The lunchroom a few days ago discussed price gouging, among other earthquake related topics. Seamus proposed a very nice solution to a few linked problems; as he's been rather quiet here of late, I figured I might as well write it up on his behalf. All errors in the proposal as interpreted by me are, of course, attributable to him.
First, we know that the Earthquake Commission invests stupidly heavily in domestic assets - in particular, government securities. The appeal of investing these things domestically seems insurmountable, regardless of how much downside risk it exposes us to.
Second, we know that people hate profiteers. They get angry at the idea that anybody might earn excess profits because of somebody else's suffering, even if that's the most efficient solution to the problem and is most effective in making everybody better off in the long run. Better, they reckon, that everyone starve equally than that prices adjust to give an incentive for folks to bring food into the region, with richer folks potentially first in line. This gives governments a derived demand for stupid policies.

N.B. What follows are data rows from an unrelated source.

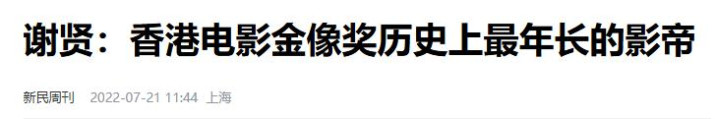 参考文献:新民周刊——谢贤:香港电影金像奖历史上最年长的影帝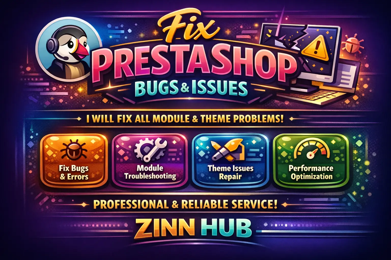 As a Prestashop-certified developer, Zinn Digital ™ can fix any bugs, errors, or issues that may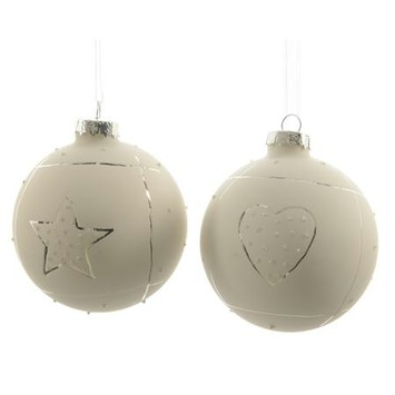 Echt glazen kerstbal 8 cm in de kleur mat wit met een decoratie van een ster of een hartvorm. Voor het ophangen wordt een witte organza linthanger mee verpakt. Deze luxe kerstballen, een set van 3 stuks, zijn verpakt in een kartonnen doos met een kunststof tranparant deksel. Combineer deze kerstballen met koper en wolwitte glazen kerstballen of met kerstversiering in natuurtinten.
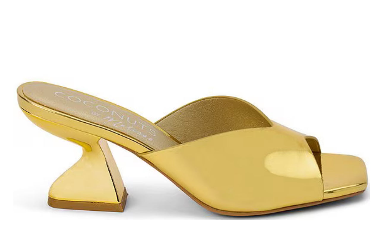 From Matisse, the Soiree Metallic Sculptural Heel Dress Slide Sandals feature: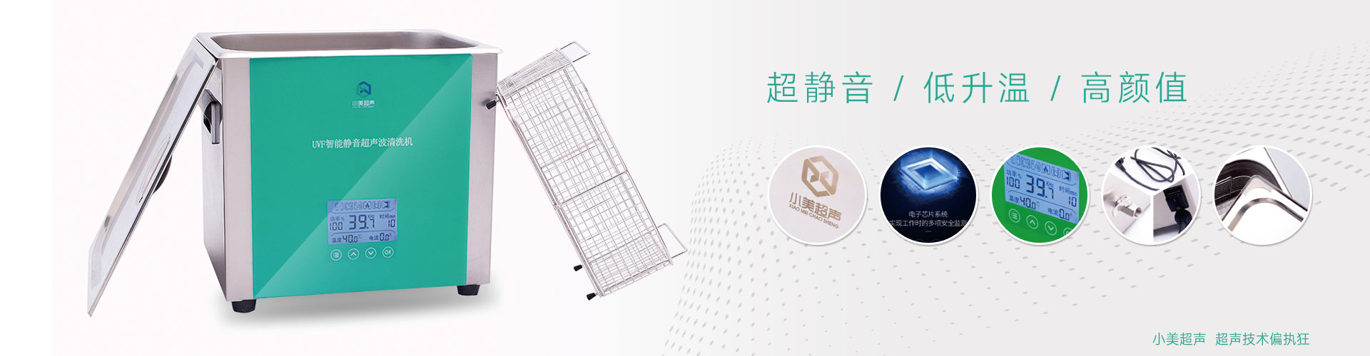 昆山小美超聲-集研發(fā)和生產(chǎn)為一體的超聲波清洗機(jī)、破碎儀、超聲波點(diǎn)焊機(jī)廠家,我們面向全國(guó)供應(yīng):小型超聲波清洗器(實(shí)驗(yàn)室/醫(yī)用清洗機(jī)專(zhuān)用)、全自動(dòng)超聲波清洗設(shè)備。可用于清洗各種電子主板、噴頭、汽車(chē)零件、五金、玻璃鏡片、電鍍、模具、精密電路板、蔬菜水果、龍蝦等物件,清洗效果佳,噪音小。根據(jù)客戶(hù)需求不同,我們提供各種個(gè)性化定制服務(wù),可定制批發(fā)各類(lèi)單槽、雙槽、多槽、加熱|過(guò)濾系統(tǒng)、機(jī)械式清洗機(jī)。小美清洗機(jī)分為智能靜音、高頻率、低頻率、高功率以及可調(diào)功率系列等,客戶(hù)可根據(jù)自己需求來(lái)自由選擇。[查看詳細(xì)]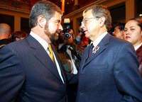 El rector de la UNAM, Juan Ram�e la Fuente, y el diputado del PRD Manuel Camacho Sol� en la antigua Escuela Nacional de Jurisprudencia FOTO Mar�Luisa Severiano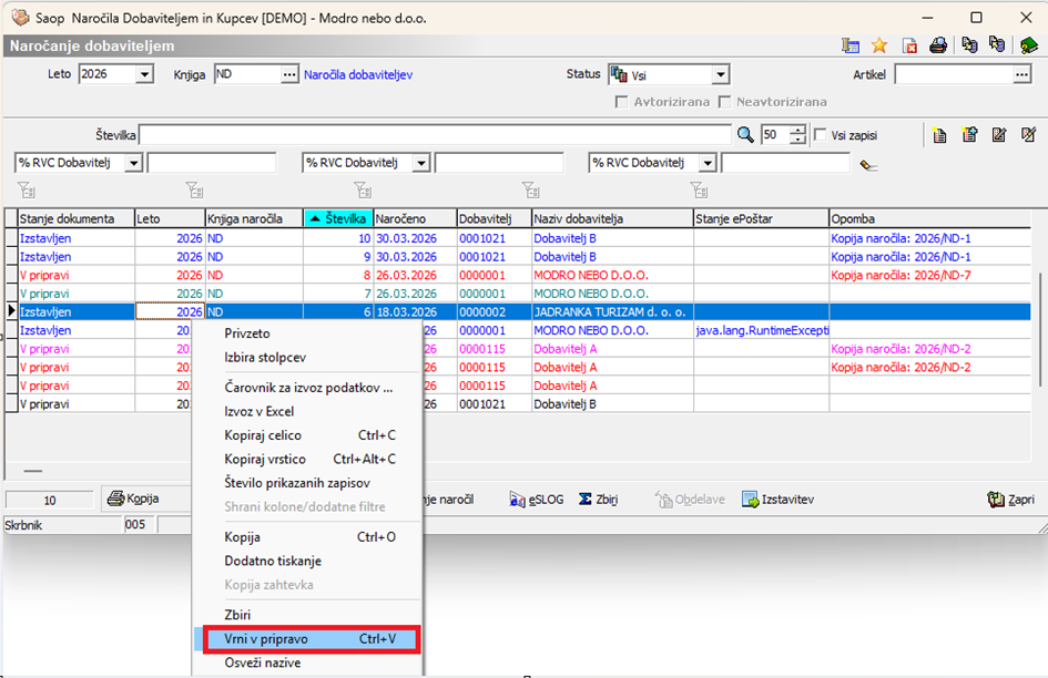 V kolikor želimo popraviti podatke na že izstavljenem naročilu, z desnim klikom miške kliknemo na vrstico kjer je naročilo in izberemo opcijo Vrni v pripravo.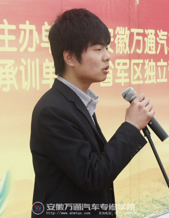 安徽万通汽车专修学院张荣全院长在会上发表了重要讲话。他首先表达了对支持我院军训工作的省军区独立营部队官兵的崇高敬意和衷心感谢,并对所有春季入学新生表示欢迎。他强调,“国家兴亡,匹夫有责”,军训是我院“三教两训”工作的重要课程,也是国家赋予学校所必须履行的职责和光荣任务,学生们通过学习军人传统的国防精神,通过军训磨练意志,感受军人可贵品质,使学生们的身心得到了一次全新的洗礼和升华。他表示,同学们在十天的军训中,不怕苦,不怕累,以严格的组织纪律性为学校、为国家呈上了一个圆满的答卷,并希望新生们继续发扬这中优秀品质,在即将到来的全新学习生活中,一丝不苟、知难而上、百折不挠、勤学苦练,不负亲人的嘱托和期望。他后还指出,希望所有新生同学们珍惜来之不易的学习机会,学会做人,学会做事,学会求知,学会共处,以阳光的心态去面对人生,书写无怨无悔的未来。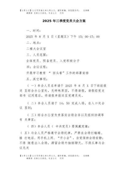 / 【七哥公文】2025年:2025年三季度党员大会方案+更多免费公文+VX:QiGeGongWen2024

Seamus's tidy solution: get the Earthquake Commission out of government assets and reallocate investment to a portfolio of domestic stocks that we expect to jump in case of an earthquake. We could identify those reasonably easily just by looking at NZX data from the past couple weeks.
Now, who earns the rents when prices jump in the wake of a disaster? The folks who owned stock in the companies getting the rents prior to the price move. If the government's earthquake compensation portfolio is weighted towards assets that are likely to increase in value after an earthquake and are likely to increase most if nobody mucks around with prices, then government has stronger incentive not to give in to populist pressures to interfere with prices.

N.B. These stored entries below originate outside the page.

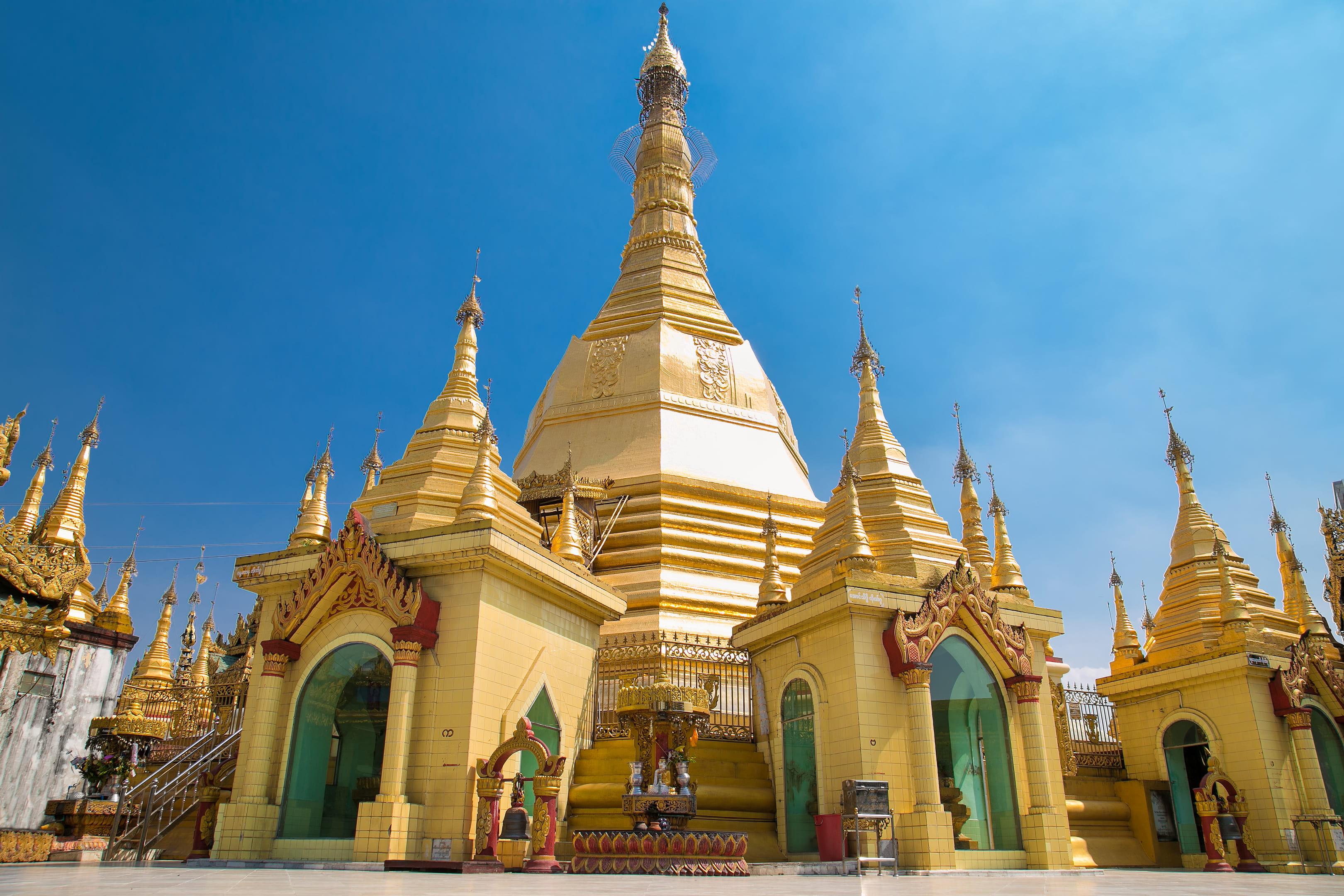 เจดีย์สุเล (Sule Pagoda) เจดีย์เก่าแก่อายุมากกว่า 2,000 ปีที่อยู่คู่เมืองย่างกุ้งมาอย่างช้านาน ยาวนานกว่ามหาเจดีย์ชเวดากองซะอีก กับเจดีย์สุเล เจดีย์ใจกลางเมืองที่แท้ทรู ด้วยตั้งอยู่บนเกาะกลางถนนสายหลักของเมือง ราวกับเป็นอนุสาวรีย์อีกแห่งหนึ่งของเมือง ด้วยทำเลที่ตั้งที่ไม่เหมือนใครที่ว่าโดดเด่นสะดุดทุกสายตาแล้ว รูปลักษณ์ภายนอกของตัวเจดีย์ก็เด่นสง่าตระการตาด้วยรูปทรงแปดเหลี่ยมสีทองอร่าม กับความสูงกว่า 46 เมตรอันโอ่อ่าที่พาให้สะกดสายตาทุกคู่ อันเป็นที่ประดิษฐานเส้นพระเกษาธาตุของพระพุทธเจ้าอันควรค่าแก่การสักการะ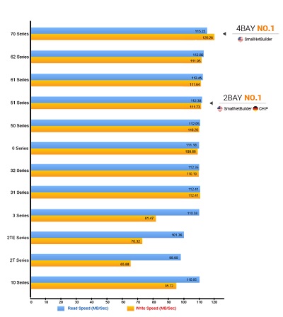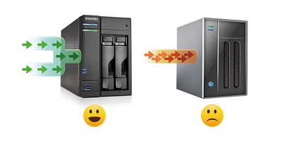 Az ASUSTOR NAS-os az összes NAS kategóriában (két- vagy négylemezes) és az összes tárolási módban (RAID 5, RAID10) kiemelkedően magas adatátviteli sebességgel büszkélkedhetnek. Az AS32 és az AS62, ha egy hajszállal is, de ebben is az elődei fölé tudott lépni.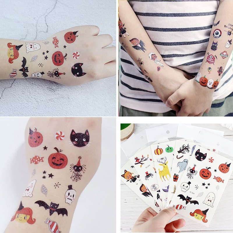 - 👻MORE SAFETY & HEALTHY CHOICE-- These halloween temporary tattoos are made of high quality safety and green paper, Non-allergenic,Non-toxic and totally safe for your kid's skin. Simply wet the tattoo with water and stick transferred them onto your body, hands, faces and arm you like, Tattoos will last from 3 to 5 days ,it also can be easily removed with baby oil, makeup remover or rubbing alcohol.

Problem with the solution: we have a very thin stock market. Total capitalization of the NZX building-sector stocks was about $5 billion end August (about $6 billion now) - not far off from the total purported value of the Earthquake Commission's holdings. And we'd hardly want EQC having more than a minority stake in anything lest we start seeing political interference in private companies through government stock holding.

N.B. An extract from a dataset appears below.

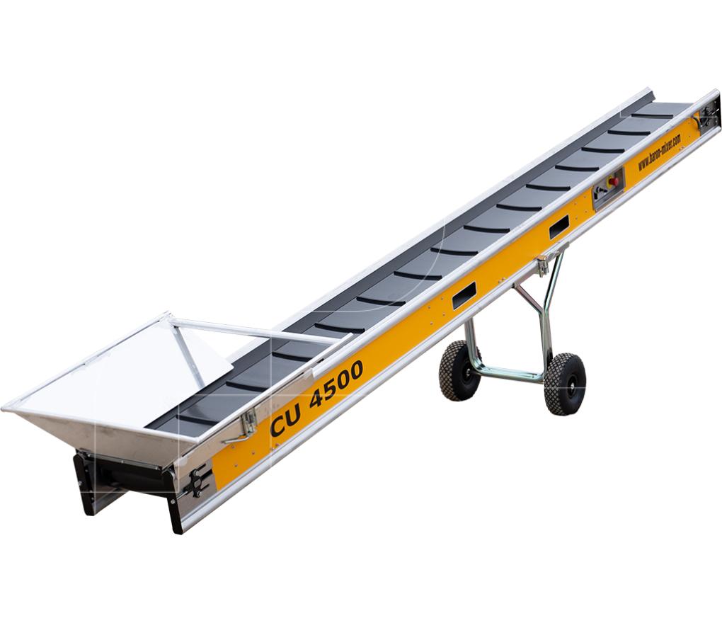 De transportband is afgebeeld met de invoerbak en het onderstel, die apart moeten worden aangeschaft.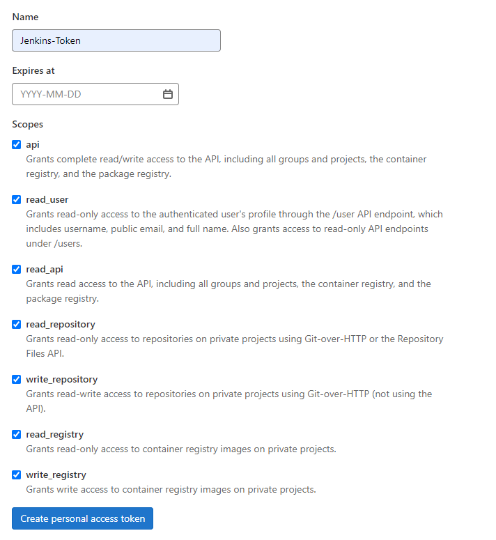 Scopes는 다 체크해주고, Expires at 은 미 설정 시 기한 제안 없은 토큰 생성

But EQC taking a 5-10% stake in the building sector, across the board, to replace other parts of its domestic exposure, doesn't seem crazy. At least it's far less crazy than having those assets in the parts of the domestic sector expected to drop in value if the insured event transpires.
To be clear: I still can't see any case for EQC holding domestic assets, and I don't get why this isn't all just handled through reinsurance anyway rather than by having EQC hold an asset portfolio. But this would be better than status quo.